AP PHOTOS: Myriad people flock to Indian city to swallow live fish with 'miracle cure' to asthma

HYDERABAD, India (AP) — A mother encourages her daughter to fully open her mouth to swallow a live fish holding “the medicine” she believes will help cure her child's asthma, as scores clamor about, gulping down their own fish and hoping for the best.

Each summer, on a day deemed auspicious by astrological calculations, people suffering from asthma and other respiratory ailments flock to the southern Indian city of Hyderabad to swallow a small live fish with its mouth stuffed with a secret herbal treatment that only one family can craft.

Legend has it that in 1845 a wandering saint presented a secret formula of miracle herbs to Veeranna Goud, a man living in the old city of Hyderabad, and instructed him to give it to asthma patients for free. Since then, Goud’s descendants, known as the Bathini family, have preserved the tradition and kept the herbal formula under wraps, shared only among male descendants.

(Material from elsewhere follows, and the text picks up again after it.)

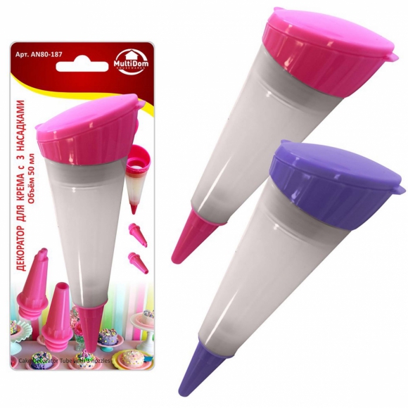 Декоратор д/крема 3 насадки 2цв 50мл /6

“My great-great-grandfather, Veeranna Goud, passed this secret formula to his sons and they passed it on to their sons and now we are the fifth generation to keep the tradition,” said Kakarna Alkananda, who helps oversee the distribution, though she is not privy to the formula.

It is said that the fish travels down the throat and relieves any phlegm or congestion.

“My mother has been taking this treatment for seven years now, and it has brought her much relief. She’s breathing easier, and her attacks have become less frequent,” said Aash Mohammed, who traveled for more than 20 hours by train from the Indian capital New Delhi with his family.

The Bathini family has to call the treatment “prasadam” which roughly translates as “an offering” after a local organization that works to dispel superstitious beliefs won a lawsuit forbidding them from describing the treatment as “medicinal.”

Still, the practice enjoys support despite objections from scientific groups and others who say there is no proof behind it, and even call it unsanitary.

People buy their fish from the government fisheries department stall on site. Though the treatment is free, each fish costs 40 rupees or about 50 cents. After collecting the live fish in a plastic bag filled with water, each person gives it to an attendant working with the Bathini family, who squeezes a yellow herbal paste in the fish's mouth and helps them swallow it.

Thousands have used the “prasadam” this year, according to organizers.

The local government sets up the makeshift structure for the event while overseeing security and sanitation measures.